Here we discussing a critical vulnerability in an Apache code library called Log4j. Indexed as CVE-2021-44228, the flaw is a remote code execution (RCE) vulnerability that allows an attacker to run code of their choice on an affected server. It is affected on majority of Cpanel servers. If you are using the cPanel Solr plugin then you need to uninstall it for the moment as it is potentially vulnerable.
As it cause major issues in future we can follow the below mentioned steps to identify whether it is present on the server or not.
->Login to server and from terminal run below command
rpm -q –changelog cpanel-dovecot-solr | grep -B1 CPANEL-39455
This will give result if it is present.

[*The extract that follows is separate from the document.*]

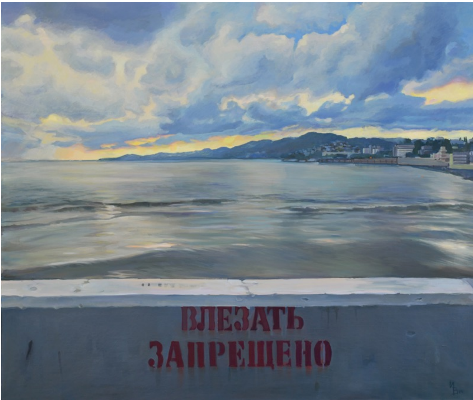
«Влезать запрещено» холст, масло, 100x120 см, 2019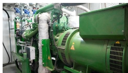
＜発生したガスにより発電機を運転、発電＞

J:COMは、需要家として再生可能エネルギーへの切り替え、放送・通信設備やオフィスにおける省エネルギー施策を推進し、また電力卸売事業者としてグリーンメニューの拡充やお客さま宅における太陽光発電・蓄電に取り組み、事業を通じた社会課題の解決と持続可能な社会の実現に貢献してまいります。

Like below mentioned result will give if this issue have in the server.
*****************************************************************
Code:
# rpm -q –changelog cpanel-dovecot-solr | grep -B1 CPANEL-39455
* Fri Dec 10 2021 Tim Mullin <tim@cpanel.net> – 8.8.2-4.cp1180
– CPANEL-39455: Add mitigation for CVE-2021-44228
******************************************************************
As a preliminary fix we can follow below mentioned fixes in the Cpanel server.
1. We can update Cpanel using upcp to update it.
/scripts/upcp
2. Alternatively you could update just the cpanel-dovecot-solr RPM via YUM as the root user with the following command:
yum update cpanel-dovecot-solr
The cPanel Solr plugin is the only software provided and supported by cPanel that contains log4j.
If cpanel-dovecot-solr this is not in the server then it will be fine.log4j CVE-2021-44228log4j CVE-2021-44228
No other cPanel-provided packages are affected by this vulnerability and if cpanel-dovecot-solr is not installed there are no further steps needed.